Мир детства Соханской — это мир природный (степь описывается и здесь и далее как свое пространство; по наблюдению Б. Хельдт, Соханская отождествляет себя со степью[411]), а не социальный, в нем не существует традиционных общественных запретов, ребенок переживает естественный процесс развития, в ходе которого у девочки нет никаких непреодолимых преград, препятствующих войти в мир природы, знания, познания и творчества.
Зато следующая глава автобиографии, рассказывающая о годах учебы в Харьковском институте, вся посвящена процессу социализации: гендерной «дрессуры», выбивания из девочки всего, что не соответствует стандартам женственности, принятым в том общественном круге, к которому она относится.
Поступление в институт изображается как переворот, полное изменение атмосферы жизни, собственного статуса и отношений с другими. Новый мир тоже почти исключительно женский, но начальница, инспектриса, учительница — женщины совсем иного типа и иной функции: это знакомые нам по Запискам Дуровой контролеры и цензоры, обучающие девочек законам патриархатного мира.
В институте царит жесткая иерархия, в которой новенькой — провинциалке, не знающей иностранных языков и не умеющей подольстится к начальницам, — отведено место изгоя на самой последней лавке. Уделом маргиналов было учение «вприглядку»; так как книги доставались только первым ученицам. Учебник французского вообще получает статус недоступной святыни: «не должно сметь — не то взять в руки книгу — дотрагиваться до нее пальцем: позволялось только благодарственно смотреть в нее» (7; 11).
Несмотря на свои способности (которые Соханская «без всякого жеманства» (7; 12) оценивает очень высоко), автогероиня попадает в разряд нелюбимых учениц, «козлов отпущения». Постоянная немотивированная травля приводит к тому, что она живет в атмосфере страха, чувствует себя маленькой, ничтожной, забитой, одинокой: «наконец, я боялась ходить, боялась говорить, боялась тронуться с места и все только сидела за книгой» (7; 13).
Но, с другой стороны, в самоописании в этой главе присутствуют также мотивы стоицизма, испытания[412] и избранничества (в духе христианских мучениц): тяжесть обязанностей, несправедливые гонения вырабатывают стойкость и самоуважение, закаляют характер.
Одно из главных испытаний связано с книгами и литературой: именно здесь впервые звучит мотив книги как «запретного плода».
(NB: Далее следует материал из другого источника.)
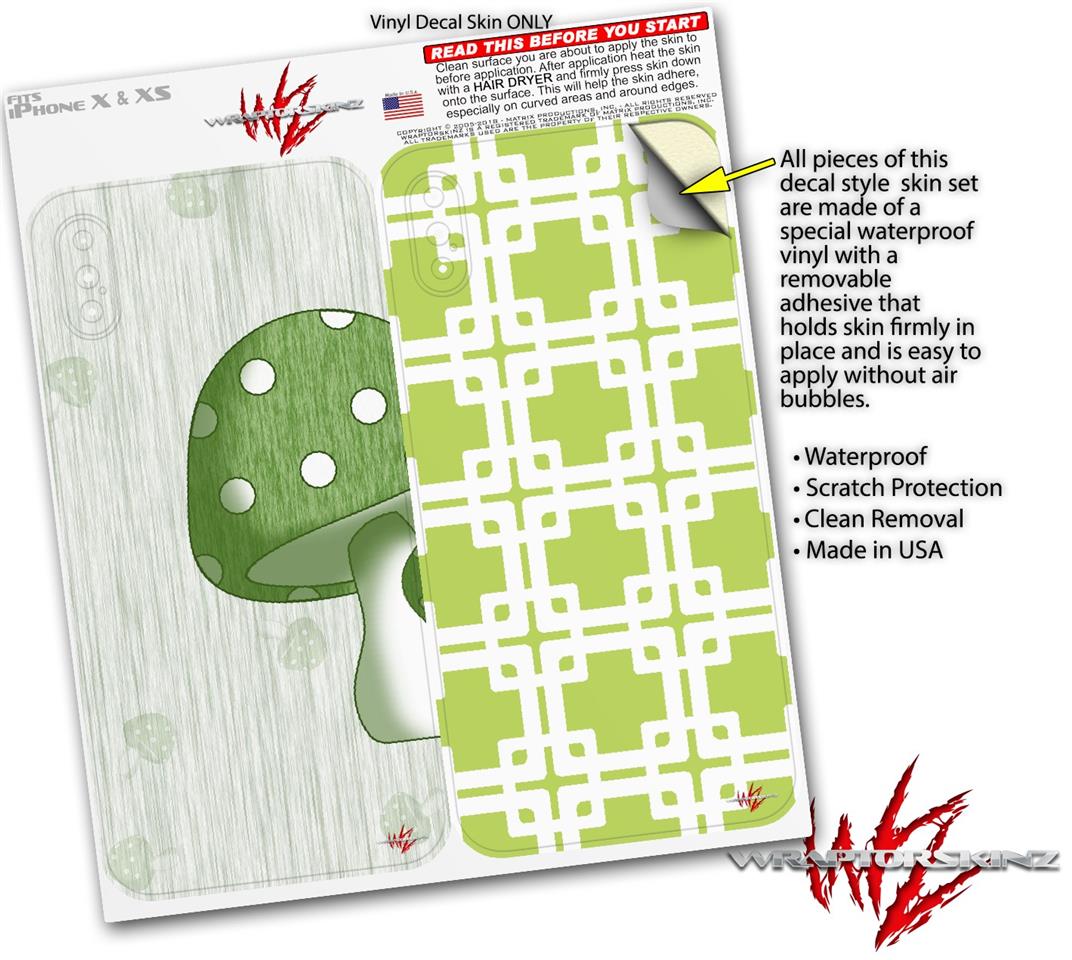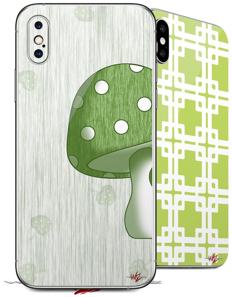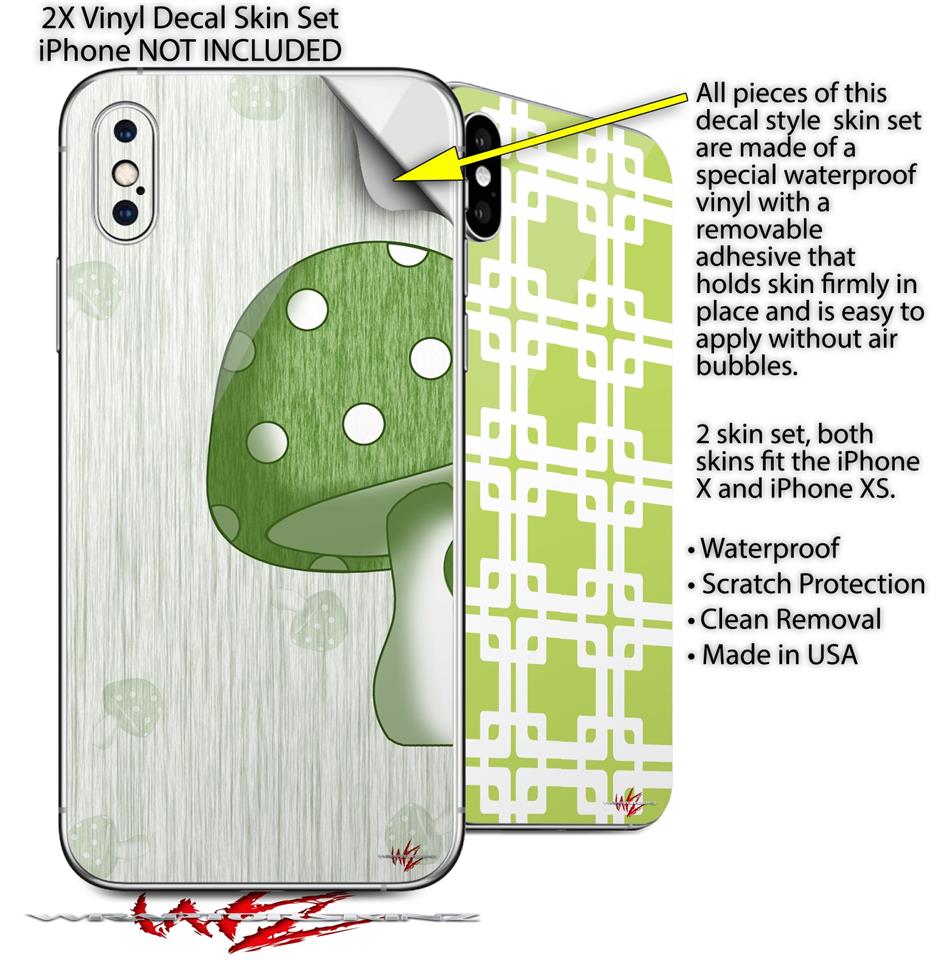 2 Decal style Skin Wraps set compatible with Apple iPhone X and XS Mushrooms Green

Я даже забыла все свои стихи <…>, да, впрочем, и помнить о них было совершенно невозможное дело: они считались преступлением, развращением — одно слово стихи (я не шучу), — и это было мое большое счастье, что еще никто не проведал, что я знала их; Александра прозвала бы меня «окаянной, окаянницей». Мой порыв к поэтическому чувству умер, совсем умер; я не помнила, что грозилась когда-то сама не умереть, пока не напишу комедии! Казалось, все прошло; да и чему было удержать что? Во всем институте даже Крылова не было! Читали мы какие-то изорванные побасенки во время класса чтения; но для меня был слишком пуст тот сад, в котором Павлуша нашел яблоко и не съел его без позволения папеньки. Даже дамы не смели читать другой книги, как писанной по-славянски. Но ведь, по несчастью, больше женщин никто не знает, как сладок запрещенный плод (7; 18–19).
(Все, кроме слова «стихи»; выделено мною. — И.С.).
Мемуаристка вводит очевидные библейские реминисценции, связанные с темой соблазна и «преступления», совершенного женщиной в райском саду «без позволения папеньки». Причем, как и во многих текстах, где разрабатывается мотив вторжения женщины в запретный для нее мир Отца и Слова, эротическим объектом женского желания является здесь книга (стихи), творчество, порыв к которому должен умереть в девочке, если она хочет остаться «нормальной», а не «окаянницей».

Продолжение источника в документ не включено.